When no one knows the future, how do you decide.

He realised, sitting in the dark on the step outside a small house at the edge of a nation he barely knew yet, that he did not have a clean answer to that.

He had thought he understood good and evil. He had thought he had found the honest version of it beneath all the comfortable mythology. And he had, perhaps, found something real. But his father had located the crack in it with a single question and had not even needed to press hard.

No one knows the future.

So every calculation is made on incomplete information. Every conviction is held by a person who cannot see the whole picture. Every choice that claims to weigh lives against lives is made by someone who is ultimately guessing, however educated the guess may be.

Then what?

He turned the question in his hands like a stone he could not find the flat side of.

If the calculation is always uncertain, is conviction enough to justify the cost? Or does uncertainty itself impose a kind of humility on the person making the choice? A limit on how confidently they can claim their darkness was necessary? And if it imposes that humility, does that mean the person who acts on conviction and turns out to be wrong about the future they were calculating for has committed something closer to genuine evil than they believed? Not because their intention was cruel, but because they wagered other lives on a guess and the guess was wrong?

Or is that too harsh? Is it reasonable to hold a person responsible not only for the choice but for the limitations of the vision they could not have exceeded?

He had no answer.

For the first time in this life, and in no small number of moments in his previous one, a question had arrived that he could not resolve by going deeper into his own thinking. It would need something else. Something outside him. Experience, perhaps. Or more time. Or something he had not yet encountered in this new world.

He looked at his father.

"I don't know," he said.

It was an unusual thing for him to say. But he said it honestly.

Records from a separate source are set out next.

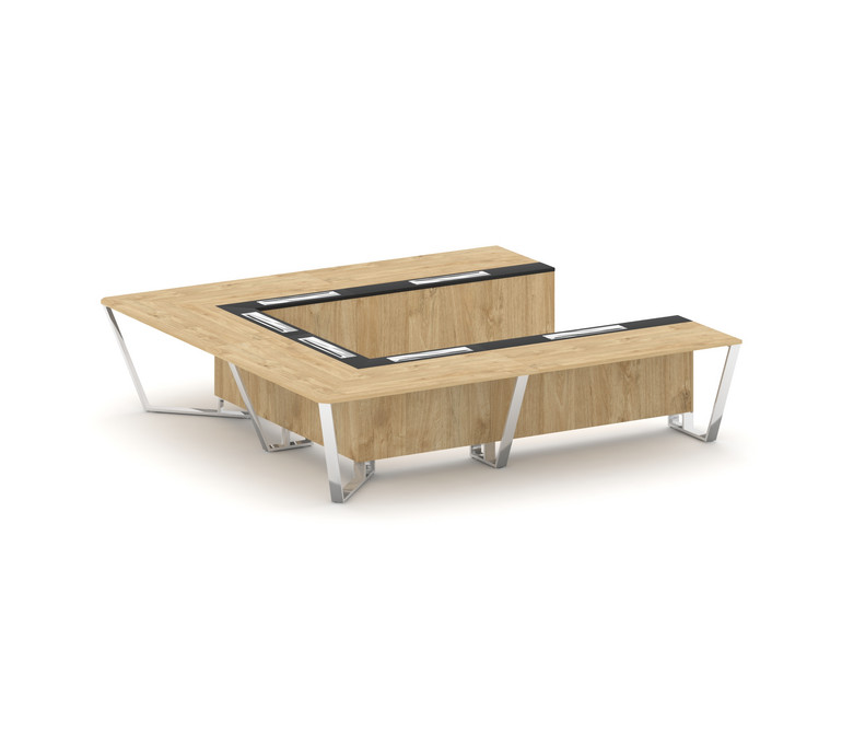 Steel Meet Стол переговорный П-образный MM-PR.B.SP-11P Тиквуд Светлый/Графит Глянец/Нержавеющая Стал
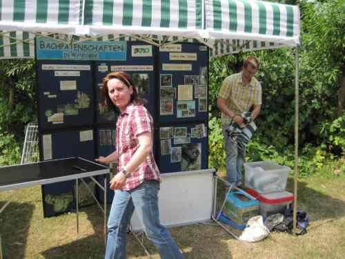Tatsächlich, die Veranstaltungsstände werden abgebaut – hier der zu Wandsbeks Bachpatenschaften.
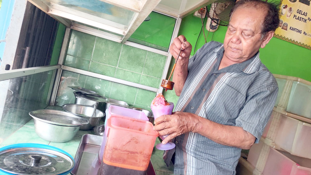 ”Kami bersyukur bisa jualan es Apollo sampai sekarang. Alhamdulillah saya bisa menyekolahkan anak hingga meraih gelar sarjana,” ujar bapak dua anak ini.
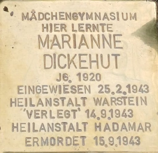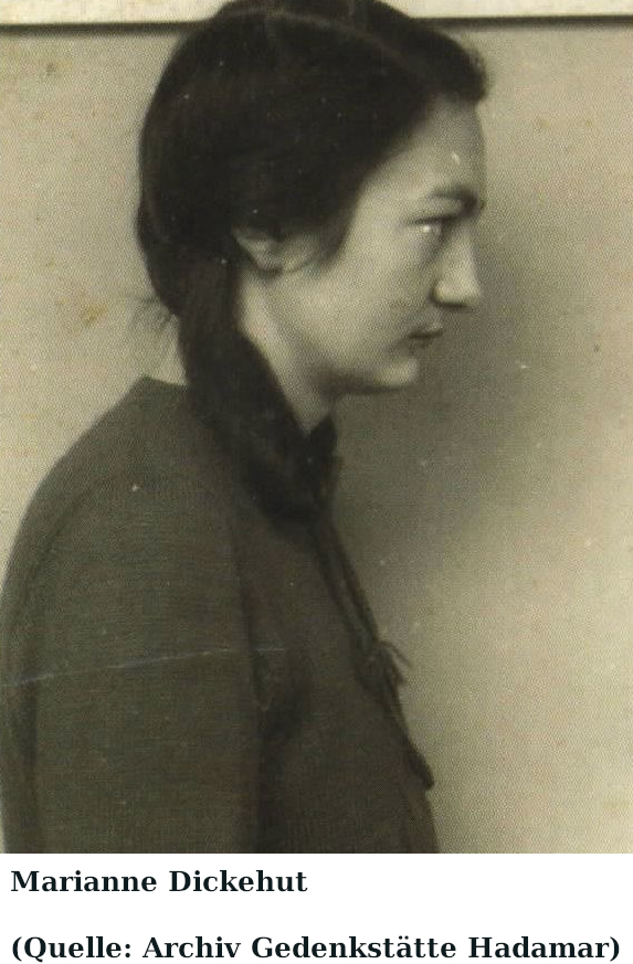 "Die Bürogehilfin Marianne D. aus Lüdenscheid, zur Zeit in der Provinzialheilanstalt in Warstein ... leidet an Schizophrenie; sie ist somit erbkrank und gemäß §1 des Gesetzes zur Verhütung erbkranken Nachwuchses vom 14. Juli 1933 unfruchtbar zu machen. ...Zwischen den beiden Einweisungen nach Warstein schrieb Marianne eine Reihe von Briefen an verschiedene Behörden, immer mit der Bitte verbunden, man solle sich mit ihrer Situation befassen.
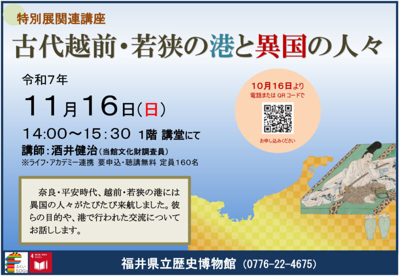 福井県立歴史博物館 特別展「越前・若狭 異国との出会い」関連講座「古代越前・若狭の港と異国の人々」を開催します
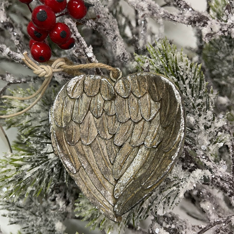 Pour décorer votre sapin de Noël, sujet "Aile d'ange" de couleur argenté patiné.
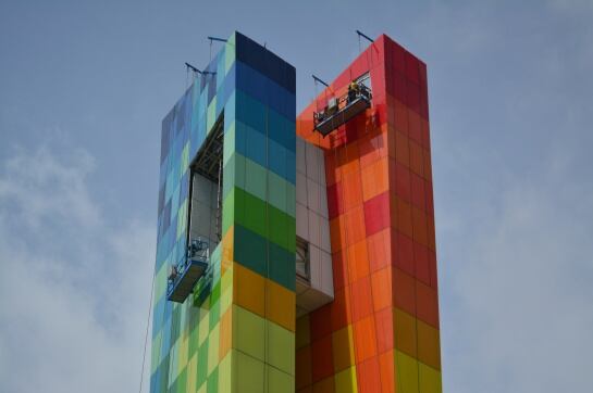 “Esta es una estructura que expresa el dinamismo de Barranquilla y en lo más alto, cuando alcanzan su máximo esplendor, una ventana los atraviesa y esa es la que consideramos ‘la ventana al mundo’”, dijo la arquitecta Escorcia.
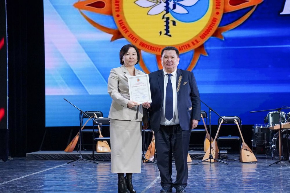 В ходе концерта также прошло торжественное награждение профессорско-преподавательского состава КалмГУ. Как было отмечено, университет гордится своими педагогами, которые ежедневно вдохновляют студентов, передают им знания и помогают раскрывать таланты. Награды получили сотрудники КалмГУ, внесшие значительный вклад в развитие университета и науки.
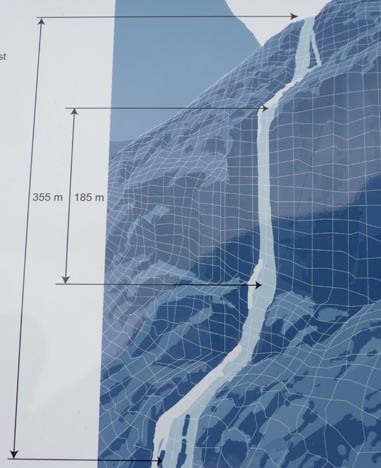 Den blå färgen på glaciären beror på att isen är så kompakt, så den absorberar allt annat ljus i spektrat. Blå är den ända färgen som inte absorberas av isen, och därför ser den blå ut. Detta läste vi på en av informationstavlorna som fanns.
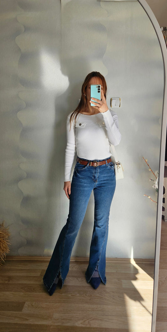 Kemer Boy Gold Düğme Detaylı Beyaz Badi
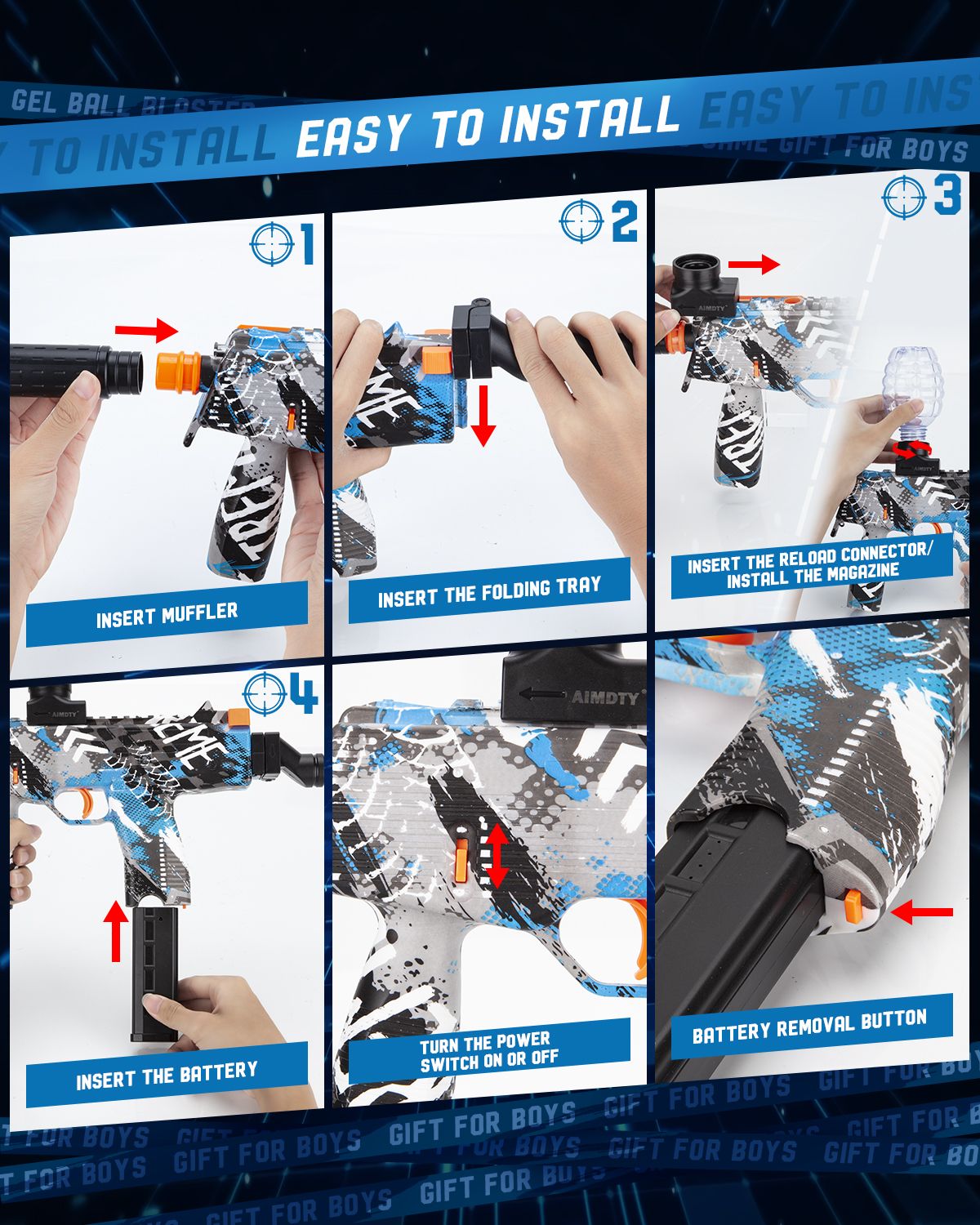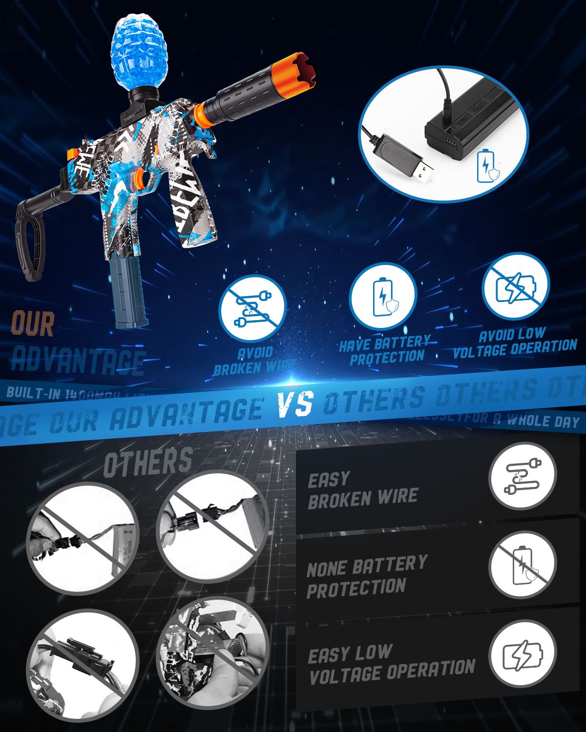 [Cool AKM Orbi Gun]: This gel ball blaster gun is a new style designed. The motor has been upgraded and improved for better stability. With hard gears, the gel ball injector lasts longer. ABS makes the splash ball jet more durable, drop-resistant, and more heat-resistant. This splat gun charges very fast and lasts longer.

His father looked at him for a long moment. Then the older man nodded, slowly, with an expression that contained more respect than most fathers show their children and more understanding than most people show someone who has just admitted they cannot answer the question in front of them.

"Good," his father said simply.

Mikhael looked at him.

"A person who has a clean answer to that question," his father said, "is either wiser than anyone I have ever met." He looked back at the stars. "Or they have not thought about it carefully enough."

He stood, stretching his back the way men who work with their bodies do at the end of a long day.

"Get some sleep," he said. "The examination is tomorrow."

He went inside.

Mikhael remained on the step.

The stars had not moved. The night was the same as it had been. But the question his father had left behind had settled into him like a stone dropped into still water, and the ripples of it were still moving outward into parts of his thinking he had not visited in a very long time.

When no one knows the future, how do you decide.

He sat with it for a long time before he finally went inside.

He did not find the answer that night. But he understood, in a way he had not before, that it was the right question to carry into whatever came next.